Work required ▸ Your copy should hold only the lines from the one with "CHAPS RALPH LAUREN" to the one with "Japan observes the", both included, each exactly as it stands below, with no pictures.

[Dataset records]
┌────────

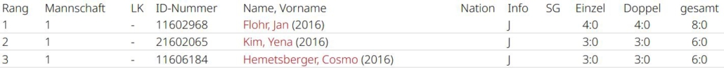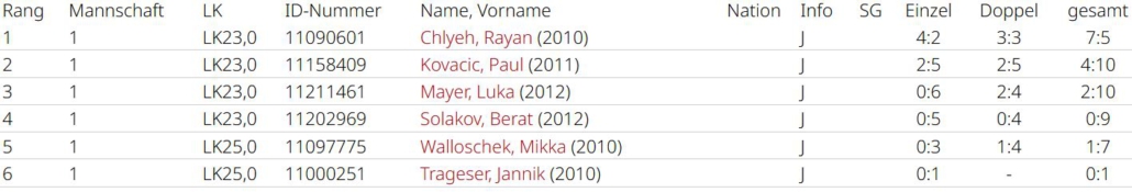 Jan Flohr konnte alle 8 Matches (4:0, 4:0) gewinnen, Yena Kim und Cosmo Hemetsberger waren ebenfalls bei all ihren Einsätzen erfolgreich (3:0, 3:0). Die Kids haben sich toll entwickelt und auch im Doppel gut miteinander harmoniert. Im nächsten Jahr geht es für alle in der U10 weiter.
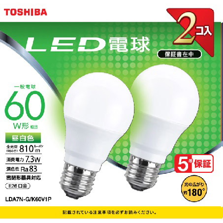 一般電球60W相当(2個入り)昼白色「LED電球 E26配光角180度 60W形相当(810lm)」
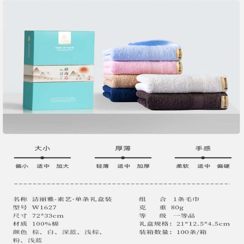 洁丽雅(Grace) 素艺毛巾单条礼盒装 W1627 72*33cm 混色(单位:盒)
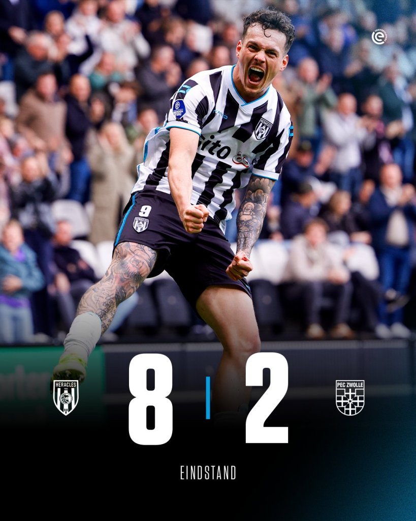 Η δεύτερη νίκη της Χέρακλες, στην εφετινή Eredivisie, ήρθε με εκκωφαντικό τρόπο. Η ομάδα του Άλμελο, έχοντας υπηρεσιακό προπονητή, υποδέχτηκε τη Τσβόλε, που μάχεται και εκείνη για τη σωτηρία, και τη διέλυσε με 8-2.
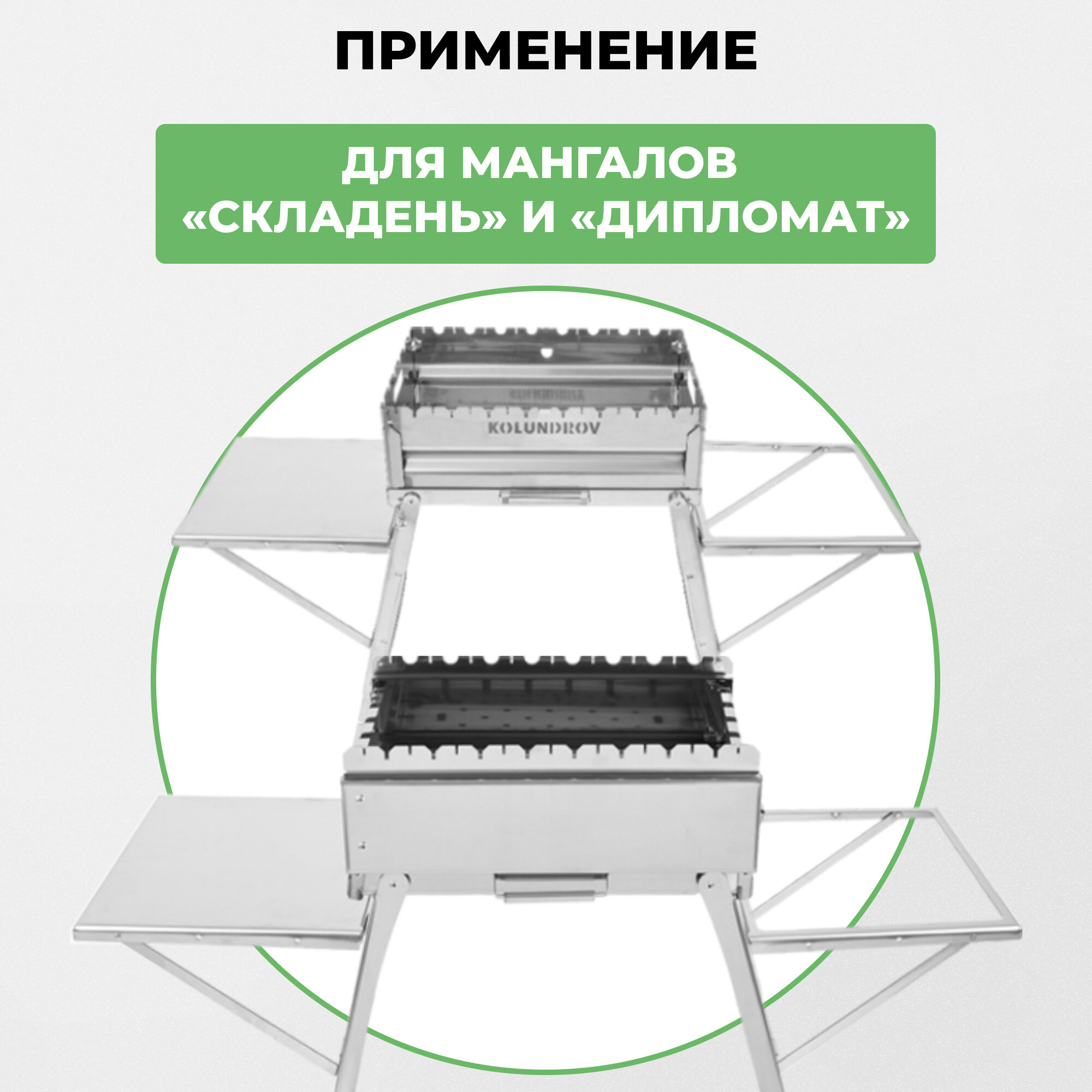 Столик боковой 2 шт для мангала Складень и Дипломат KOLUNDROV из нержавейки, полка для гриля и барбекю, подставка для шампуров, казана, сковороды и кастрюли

└────────
┌────────

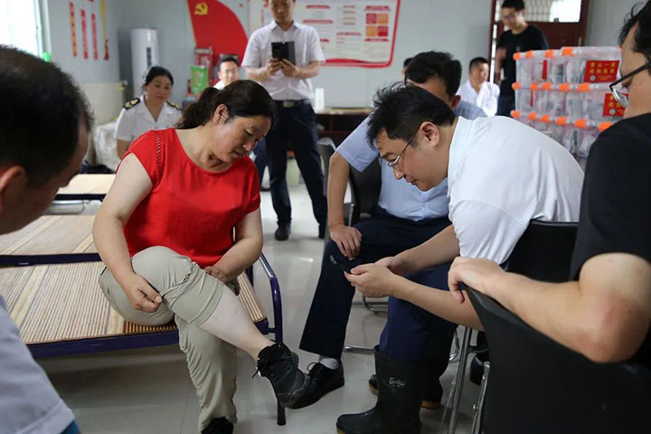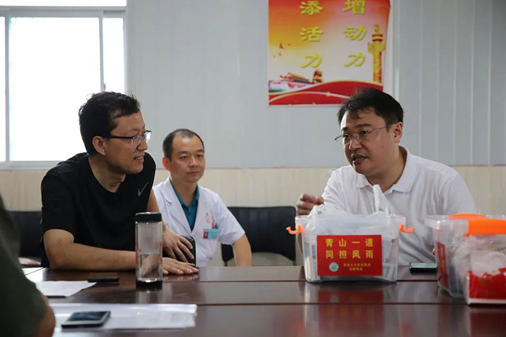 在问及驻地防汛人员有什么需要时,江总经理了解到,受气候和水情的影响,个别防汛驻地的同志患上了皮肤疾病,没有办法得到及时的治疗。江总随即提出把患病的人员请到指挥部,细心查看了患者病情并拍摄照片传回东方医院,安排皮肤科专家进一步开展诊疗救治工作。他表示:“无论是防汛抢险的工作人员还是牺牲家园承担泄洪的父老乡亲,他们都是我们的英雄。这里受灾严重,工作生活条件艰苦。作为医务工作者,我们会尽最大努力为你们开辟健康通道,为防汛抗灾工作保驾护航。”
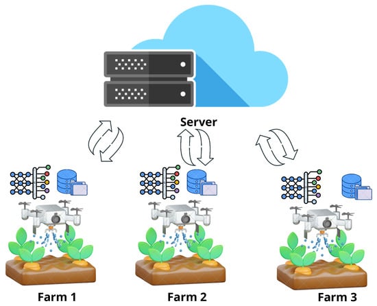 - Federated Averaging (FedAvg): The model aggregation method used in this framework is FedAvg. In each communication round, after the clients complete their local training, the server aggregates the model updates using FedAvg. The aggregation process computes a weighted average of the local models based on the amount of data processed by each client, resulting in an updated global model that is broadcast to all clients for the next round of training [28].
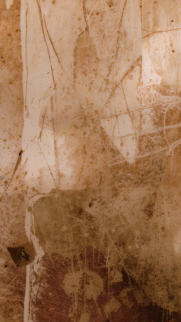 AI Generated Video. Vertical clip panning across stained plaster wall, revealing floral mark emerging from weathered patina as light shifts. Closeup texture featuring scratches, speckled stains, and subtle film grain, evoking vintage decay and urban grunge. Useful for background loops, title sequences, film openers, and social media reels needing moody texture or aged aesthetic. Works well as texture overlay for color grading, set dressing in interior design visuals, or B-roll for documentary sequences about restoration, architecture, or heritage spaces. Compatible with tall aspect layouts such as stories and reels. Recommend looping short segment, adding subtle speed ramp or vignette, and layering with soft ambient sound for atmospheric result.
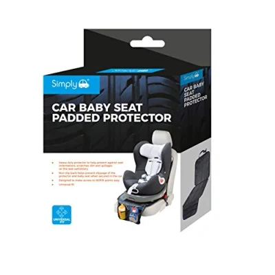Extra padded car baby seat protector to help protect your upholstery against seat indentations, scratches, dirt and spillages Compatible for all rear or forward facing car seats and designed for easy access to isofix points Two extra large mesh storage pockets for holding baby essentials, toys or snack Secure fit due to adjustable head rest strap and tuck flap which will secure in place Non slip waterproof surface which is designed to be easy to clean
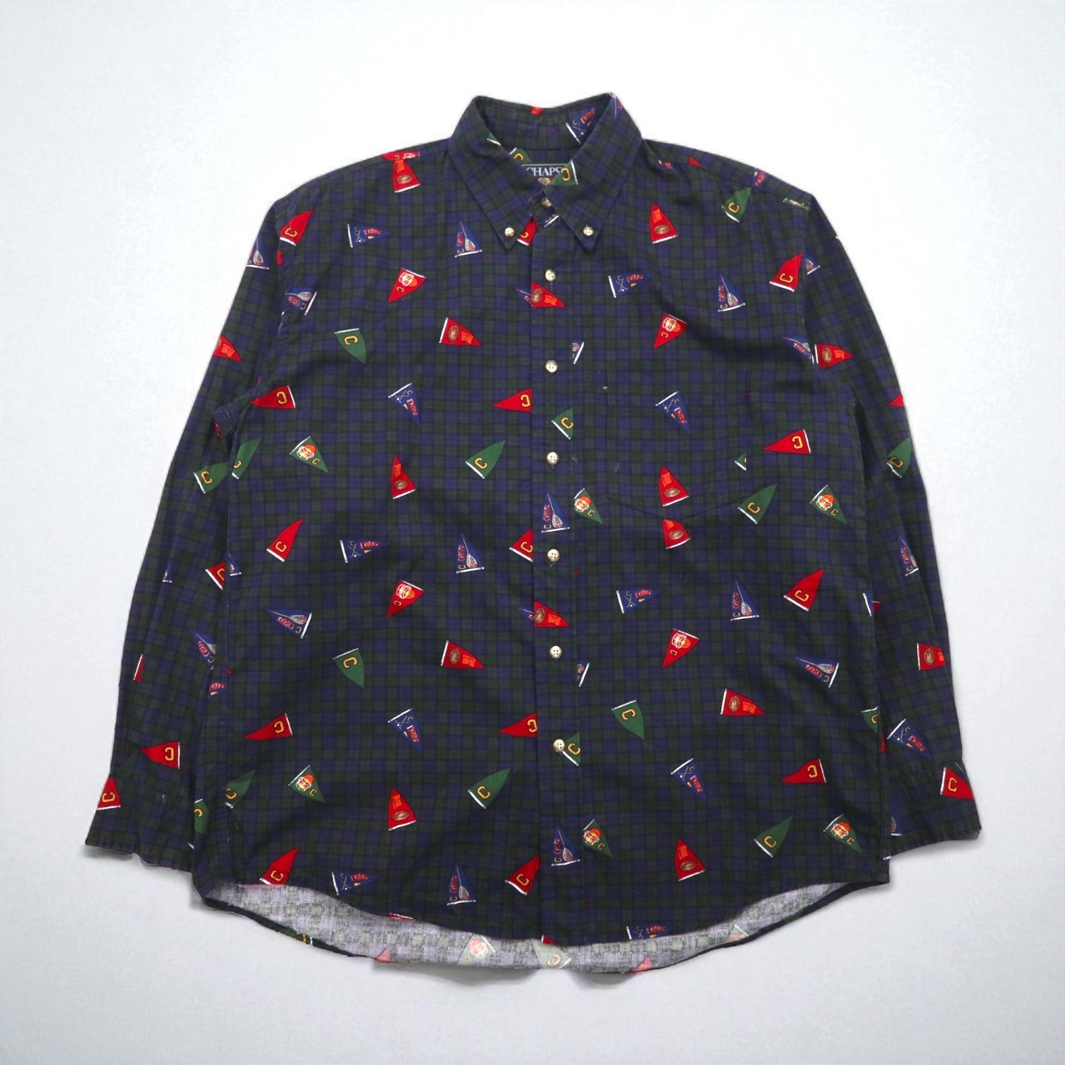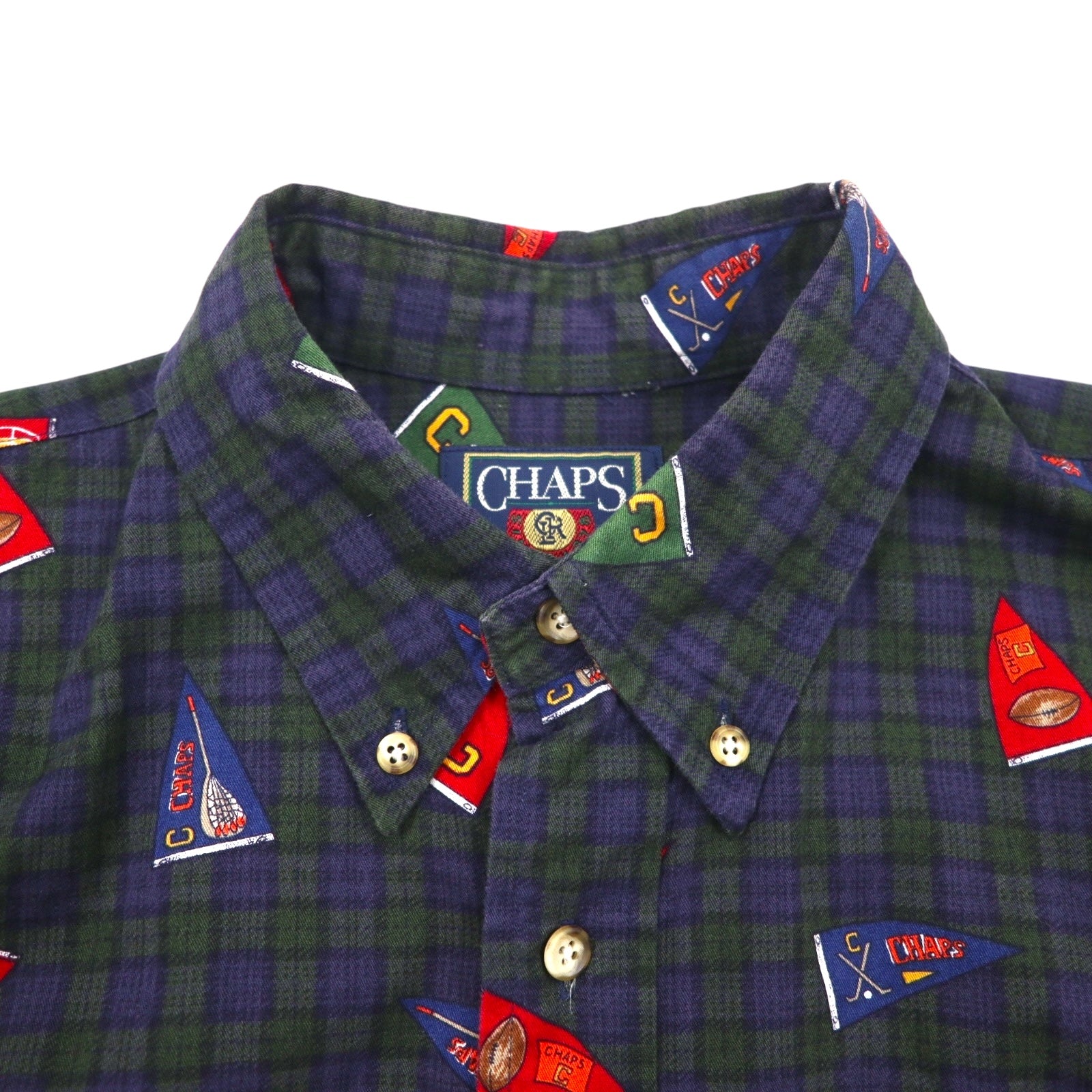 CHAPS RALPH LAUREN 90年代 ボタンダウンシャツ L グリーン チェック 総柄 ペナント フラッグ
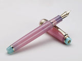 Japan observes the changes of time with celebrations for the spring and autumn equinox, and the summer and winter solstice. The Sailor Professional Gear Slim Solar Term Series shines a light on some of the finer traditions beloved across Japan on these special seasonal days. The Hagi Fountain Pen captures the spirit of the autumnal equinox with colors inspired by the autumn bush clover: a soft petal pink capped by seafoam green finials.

└────────

Answer for the task ▸
 CHAPS RALPH LAUREN 90年代 ボタンダウンシャツ L グリーン チェック 総柄 ペナント フラッグ
 Japan observes the changes of time with celebrations for the spring and autumn equinox, and the summer and winter solstice. The Sailor Professional Gear Slim Solar Term Series shines a light on some of the finer traditions beloved across Japan on these special seasonal days. The Hagi Fountain Pen captures the spirit of the autumnal equinox with colors inspired by the autumn bush clover: a soft petal pink capped by seafoam green finials.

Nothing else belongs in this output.